• **WORK INSTRUCTIONS**: Copy out the lines beginning at the one with "Зокрема, у с." and ending at the last line of the data, both included; pictures stay out.
---------- RECORDED DATA ----------
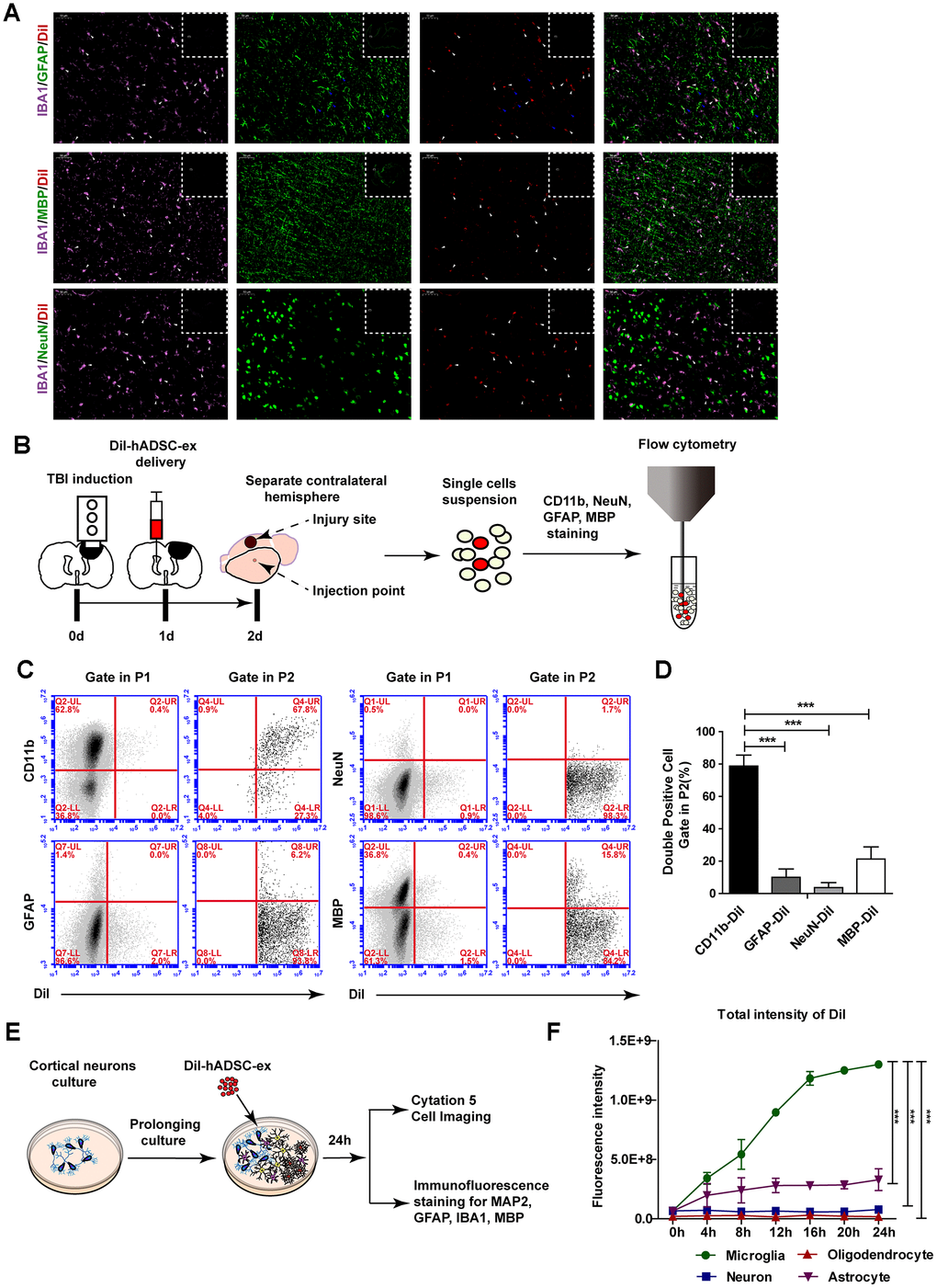 hADSC-ex were mainly taken up by microglia/macrophages in vitro and in vivo
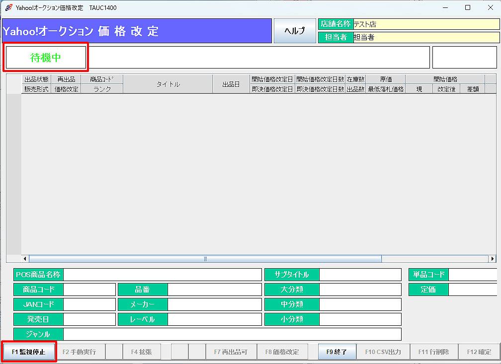 業務メニュー:「Yahoo!オークション連動」→処理メニュー:「Yahoo!オークション価格改定処理画面」を開きます。
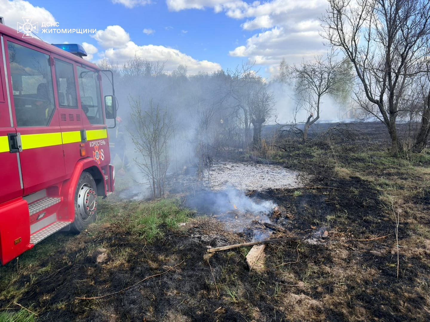 Зокрема, у с. Теренці Житомирського району через пориви вітру існувала загроза стрімкого поширення вогню від сухостою до житлових будинків. Однак рятувальникам вдалося цьому запобігти та загасити пожежу.
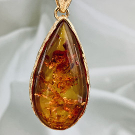 Cognac Baltic Amber Pendant, Natural Amber Gold-Plated 925 Silver Necklace
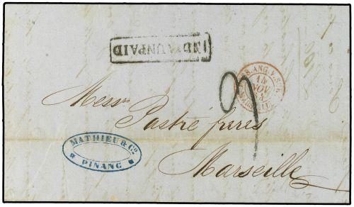 1859 Stampless envelope to FRANCE from MATHIEU & Co PINANG routed via India with boxed INDIA UNPAID, French entry cachet and charged "8" on arrival.
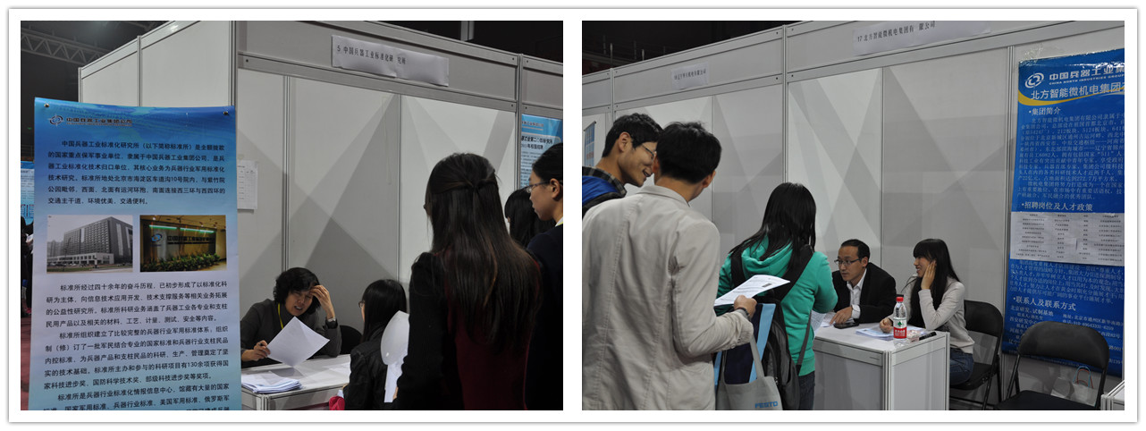 2014年10月20日,beat365在体育馆主馆举办了中国兵器工业集团专场招聘会。中国北方工业公司、中国北方车辆研究所、中国兵器工业标准化研究所、中国北方发动机研究所、北方夜视科技集团有限公司、西北工业集团有限公司等56家中国兵器工业集团下属单位前来参会,吸引约3000名校内外学生到场应聘。
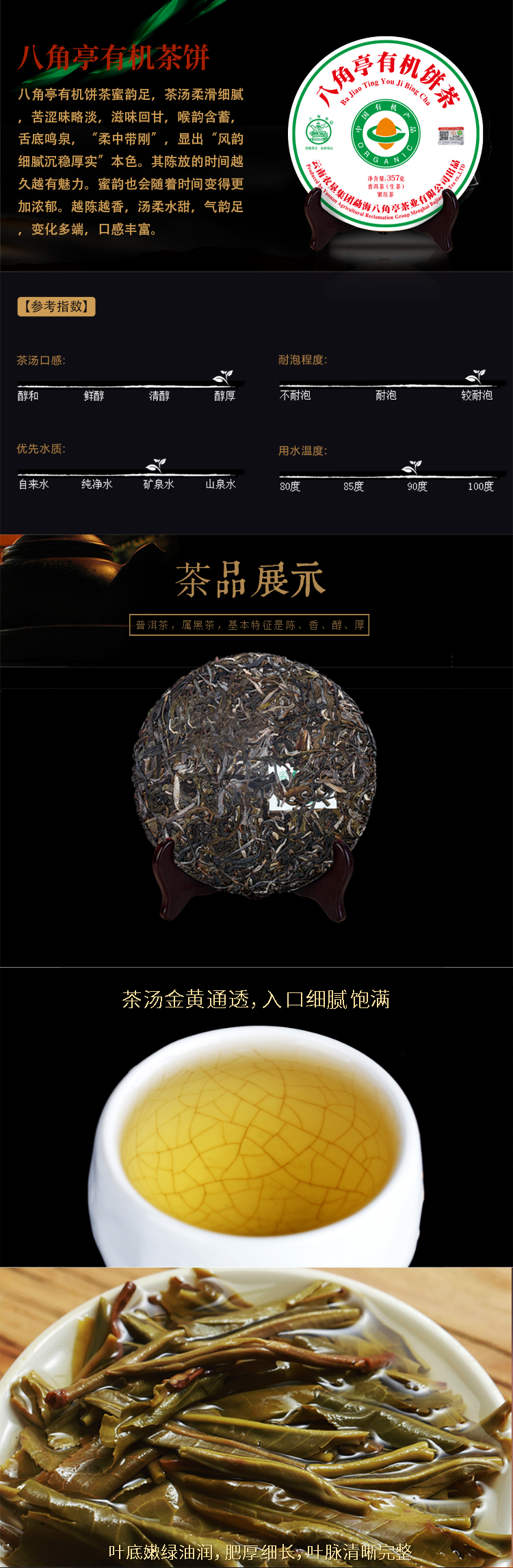 八角亭茶業原為黎明農工商聯合公司(黎明農場)下屬茶葉加工組,始于一九六四年,從事茶葉產品開發生產五十余載,一九八四年建成標準化工廠,二00一年開始生產普洱茶,截止到2013年,公司累計生產各種普洱茶數百個品種共12000余噸。
----------
• **TASK RESPONSE**:
 Зокрема, у с. Теренці Житомирського району через пориви вітру існувала загроза стрімкого поширення вогню від сухостою до житлових будинків. Однак рятувальникам вдалося цьому запобігти та загасити пожежу.
 Cognac Baltic Amber Pendant, Natural Amber Gold-Plated 925 Silver Necklace
 1859 Stampless envelope to FRANCE from MATHIEU & Co PINANG routed via India with boxed INDIA UNPAID, French entry cachet and charged "8" on arrival.
 2014年10月20日,beat365在体育馆主馆举办了中国兵器工业集团专场招聘会。中国北方工业公司、中国北方车辆研究所、中国兵器工业标准化研究所、中国北方发动机研究所、北方夜视科技集团有限公司、西北工业集团有限公司等56家中国兵器工业集团下属单位前来参会,吸引约3000名校内外学生到场应聘。
 八角亭茶業原為黎明農工商聯合公司(黎明農場)下屬茶葉加工組,始于一九六四年,從事茶葉產品開發生產五十余載,一九八四年建成標準化工廠,二00一年開始生產普洱茶,截止到2013年,公司累計生產各種普洱茶數百個品種共12000余噸。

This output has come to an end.